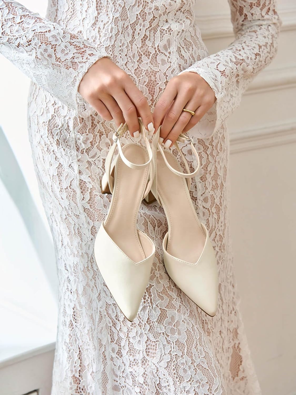 I panic ordered these for my wedding shoes because my other ones were more of a slip on heel style. These were so comfortable. I ran on cobblestone streets and danced for hours in them. Only intended to use once but didn’t even bother with my original pair. They are a little plain Jane but I ordered shoe clips (little jewelry for shoes) to jazz them up and they looked beautiful. Would highly recommend these.
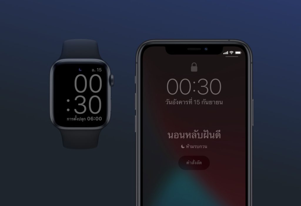 เมื่อถึงเวลานอนก็เปิดโหมดห้ามรบกวนอัตโนมัติ Apple Watch จะตรวจจับการเคลื่อนไหวและการหายใจ พร้อมแยกแยะระหว่างภาวะหลับและภาวะตื่น เมื่อถึงเวลาตื่นนอนก็ปลุกและสรุปจำนวนชั่วโมงการนอนให้ทราบ
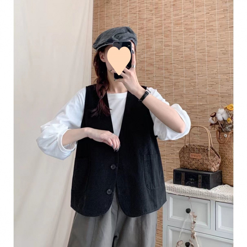 여성을 위한 일본 문학적 레이어드 외부 조끼 2025 봄 스타일 루즈하고 다재다능한 솔리드 컬러 워싱 코튼 모리 스타일 복고풍 조끼
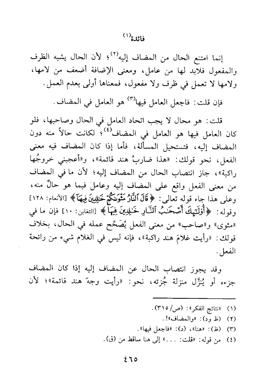 الفعل واقع على المضاف إليه وعامل فيما هو حال منه وعلى هذا جاء قوله تعالى قل النار مثواكم خالدين فيها الأنعام 128 وقوله أولئك أصحاب النار خالدين فيها التغابن 10 فإن ما في مثوى وأصحاب من معنى الفعل يصحح عمله في الحال بخلاف قولك رأيت غلام هند راكبة فإنه ليس في الغلام شيء من رائحة الفعل
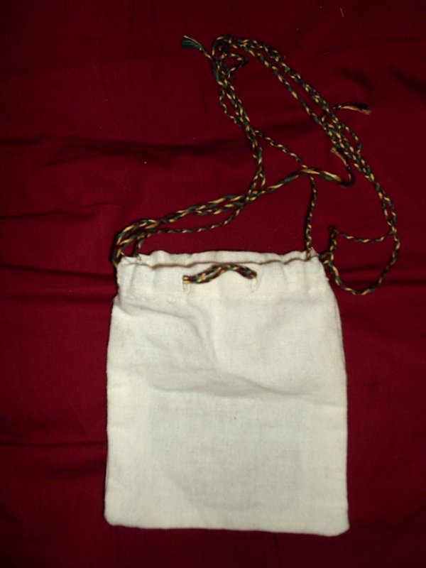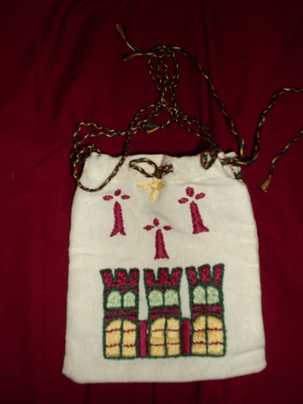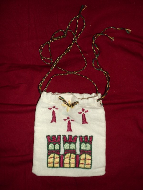 Jehan le Podestat est un miles de rang supérieur à la court du Comte de Tripoli aussi il lui arrive de faire l’aumône aux pauvres. Il possède par conséquent une aumônière. Pour réaliser cette aumônière, je me suis principalement inspiré de deux sources. L’une est conservée au musée de la ville de Chelles (77), il s’agit d’une aumônière de mariage datée vers 1180 qui figure une scène de « tristan et Iseult ». La deuxième source est une aumônière au décors guerrier conservée dans le trésor de la cathédrale d’Auxerre. L’aumônière du Podestat est un petit sac en lin, de 16cm x 13cm, qui a été brodé de trois hermines rouge qui représentent les armes personnelles du Podestat. J’ai brodé également une ville à trois tours qui figurent les armes supposées du comte de Tripoli à la fin du XIIème siècle (aucune source ne nous éclaire sur les armes du comté de Tripoli en 1186. Si vous possédez cette information ou des pistes intéressantes contactez nous). Un cordon de coton tressé permet de fermer l’aumônière.
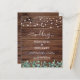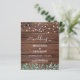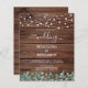 Freuen Sie sich auf Ihre Hochzeit mit eleganten und rustikalen Holzmöbeln mit Lichtern und Eukalyptusgrün. Diese einzigartigen rustikalen Grödner Hochzeitsfeierlichkeiten bieten elegante weiße Saitenleuchten auf Stallholz mit botanischem Grün. Personalisieren Sie diese rustikalen Hochzeitseinladungen mit Namen, Hochzeitsdatum und Ort. Sehen Sie sich unsere Hochzeitskollektion an, um Einladungen, Hochzeitsalben, Gastbücher, Party-Geschenke und vieles mehr zu erhalten! COPYRIGHT © 2020 Judy Burrows, Black Dog Art - Alle Rechte vorbehalten. Budget Rustikale String Lights Eukalyptus Wedding Inv

· · · ·

### Prompt:
Pictures stay out; everything else in the listing above is to be repeated exactly.

### Problem solution:
 I panic ordered these for my wedding shoes because my other ones were more of a slip on heel style. These were so comfortable. I ran on cobblestone streets and danced for hours in them. Only intended to use once but didn’t even bother with my original pair. They are a little plain Jane but I ordered shoe clips (little jewelry for shoes) to jazz them up and they looked beautiful. Would highly recommend these.
 เมื่อถึงเวลานอนก็เปิดโหมดห้ามรบกวนอัตโนมัติ Apple Watch จะตรวจจับการเคลื่อนไหวและการหายใจ พร้อมแยกแยะระหว่างภาวะหลับและภาวะตื่น เมื่อถึงเวลาตื่นนอนก็ปลุกและสรุปจำนวนชั่วโมงการนอนให้ทราบ
 여성을 위한 일본 문학적 레이어드 외부 조끼 2025 봄 스타일 루즈하고 다재다능한 솔리드 컬러 워싱 코튼 모리 스타일 복고풍 조끼
 الفعل واقع على المضاف إليه وعامل فيما هو حال منه وعلى هذا جاء قوله تعالى قل النار مثواكم خالدين فيها الأنعام 128 وقوله أولئك أصحاب النار خالدين فيها التغابن 10 فإن ما في مثوى وأصحاب من معنى الفعل يصحح عمله في الحال بخلاف قولك رأيت غلام هند راكبة فإنه ليس في الغلام شيء من رائحة الفعل
 Jehan le Podestat est un miles de rang supérieur à la court du Comte de Tripoli aussi il lui arrive de faire l’aumône aux pauvres. Il possède par conséquent une aumônière. Pour réaliser cette aumônière, je me suis principalement inspiré de deux sources. L’une est conservée au musée de la ville de Chelles (77), il s’agit d’une aumônière de mariage datée vers 1180 qui figure une scène de « tristan et Iseult ». La deuxième source est une aumônière au décors guerrier conservée dans le trésor de la cathédrale d’Auxerre. L’aumônière du Podestat est un petit sac en lin, de 16cm x 13cm, qui a été brodé de trois hermines rouge qui représentent les armes personnelles du Podestat. J’ai brodé également une ville à trois tours qui figurent les armes supposées du comte de Tripoli à la fin du XIIème siècle (aucune source ne nous éclaire sur les armes du comté de Tripoli en 1186. Si vous possédez cette information ou des pistes intéressantes contactez nous). Un cordon de coton tressé permet de fermer l’aumônière.
 Freuen Sie sich auf Ihre Hochzeit mit eleganten und rustikalen Holzmöbeln mit Lichtern und Eukalyptusgrün. Diese einzigartigen rustikalen Grödner Hochzeitsfeierlichkeiten bieten elegante weiße Saitenleuchten auf Stallholz mit botanischem Grün. Personalisieren Sie diese rustikalen Hochzeitseinladungen mit Namen, Hochzeitsdatum und Ort. Sehen Sie sich unsere Hochzeitskollektion an, um Einladungen, Hochzeitsalben, Gastbücher, Party-Geschenke und vieles mehr zu erhalten! COPYRIGHT © 2020 Judy Burrows, Black Dog Art - Alle Rechte vorbehalten. Budget Rustikale String Lights Eukalyptus Wedding Inv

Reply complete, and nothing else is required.